■ **Task directions**: Images stay out. Everything else in the records is repeated exactly.

○ ○ ○ ○ ○ ○ ○

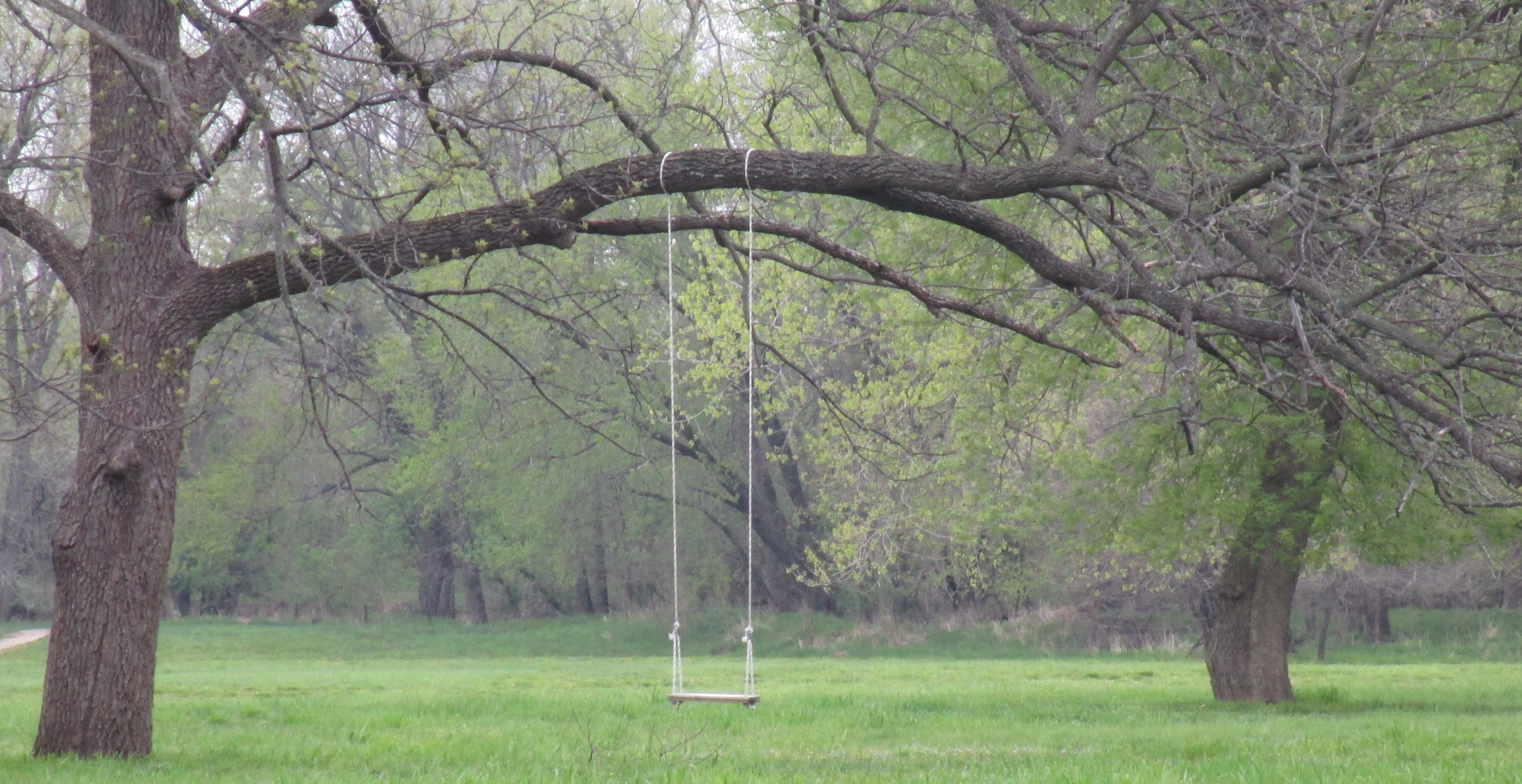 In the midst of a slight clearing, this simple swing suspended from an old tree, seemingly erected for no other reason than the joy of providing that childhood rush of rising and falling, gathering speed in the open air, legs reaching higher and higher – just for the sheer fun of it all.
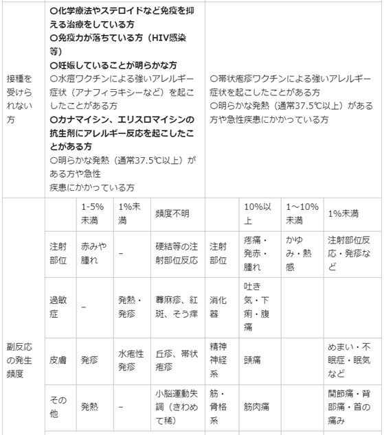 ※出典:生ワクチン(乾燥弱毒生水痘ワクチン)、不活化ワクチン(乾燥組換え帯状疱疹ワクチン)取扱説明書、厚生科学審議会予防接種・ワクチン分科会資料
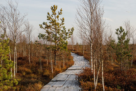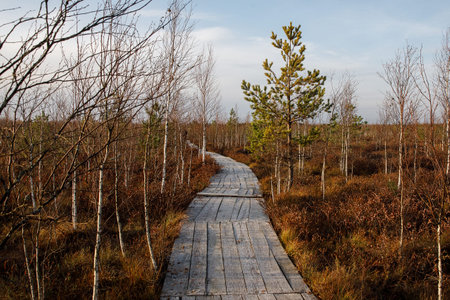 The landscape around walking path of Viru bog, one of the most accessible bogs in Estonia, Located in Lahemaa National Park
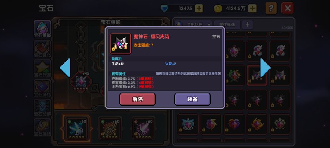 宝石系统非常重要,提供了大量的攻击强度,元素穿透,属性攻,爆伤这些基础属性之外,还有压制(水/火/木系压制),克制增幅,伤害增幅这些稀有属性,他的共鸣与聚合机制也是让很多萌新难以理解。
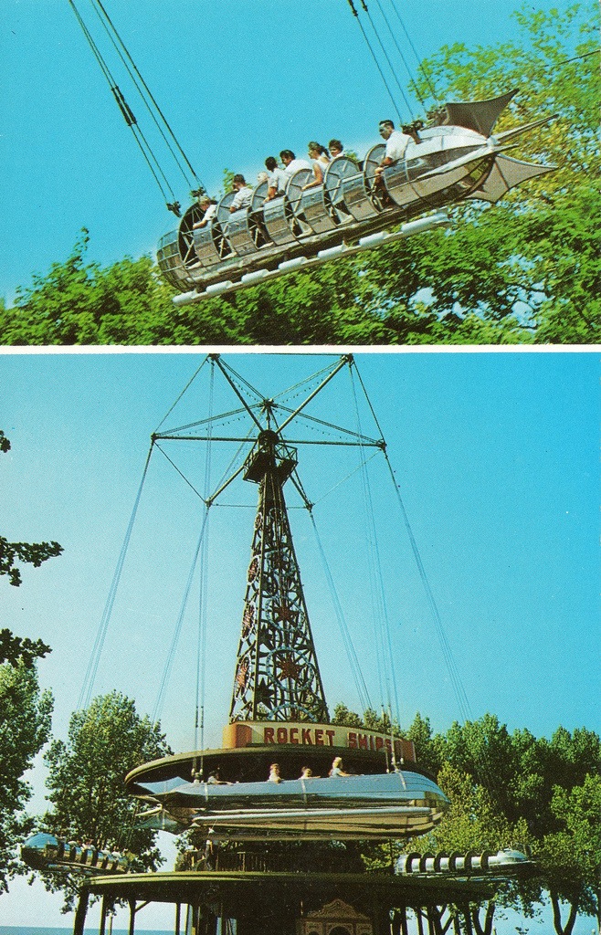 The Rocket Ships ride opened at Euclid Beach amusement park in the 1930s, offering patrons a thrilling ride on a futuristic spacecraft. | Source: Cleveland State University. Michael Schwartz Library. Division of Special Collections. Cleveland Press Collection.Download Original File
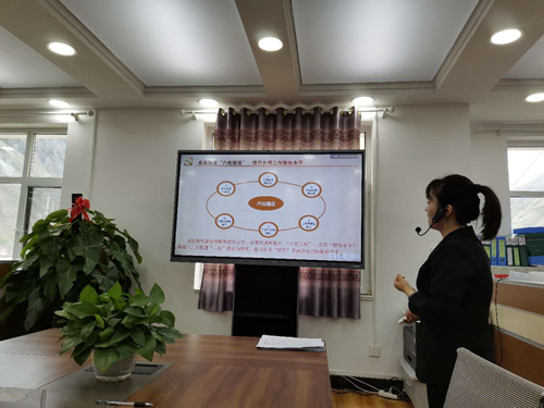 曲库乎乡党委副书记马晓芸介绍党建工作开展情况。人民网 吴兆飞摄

○ ○ ○ ○ ○ ○ ○

■ **Solution to this task**:
 In the midst of a slight clearing, this simple swing suspended from an old tree, seemingly erected for no other reason than the joy of providing that childhood rush of rising and falling, gathering speed in the open air, legs reaching higher and higher – just for the sheer fun of it all.
 ※出典:生ワクチン(乾燥弱毒生水痘ワクチン)、不活化ワクチン(乾燥組換え帯状疱疹ワクチン)取扱説明書、厚生科学審議会予防接種・ワクチン分科会資料
 The landscape around walking path of Viru bog, one of the most accessible bogs in Estonia, Located in Lahemaa National Park
 宝石系统非常重要,提供了大量的攻击强度,元素穿透,属性攻,爆伤这些基础属性之外,还有压制(水/火/木系压制),克制增幅,伤害增幅这些稀有属性,他的共鸣与聚合机制也是让很多萌新难以理解。
 The Rocket Ships ride opened at Euclid Beach amusement park in the 1930s, offering patrons a thrilling ride on a futuristic spacecraft. | Source: Cleveland State University. Michael Schwartz Library. Division of Special Collections. Cleveland Press Collection.Download Original File
 曲库乎乡党委副书记马晓芸介绍党建工作开展情况。人民网 吴兆飞摄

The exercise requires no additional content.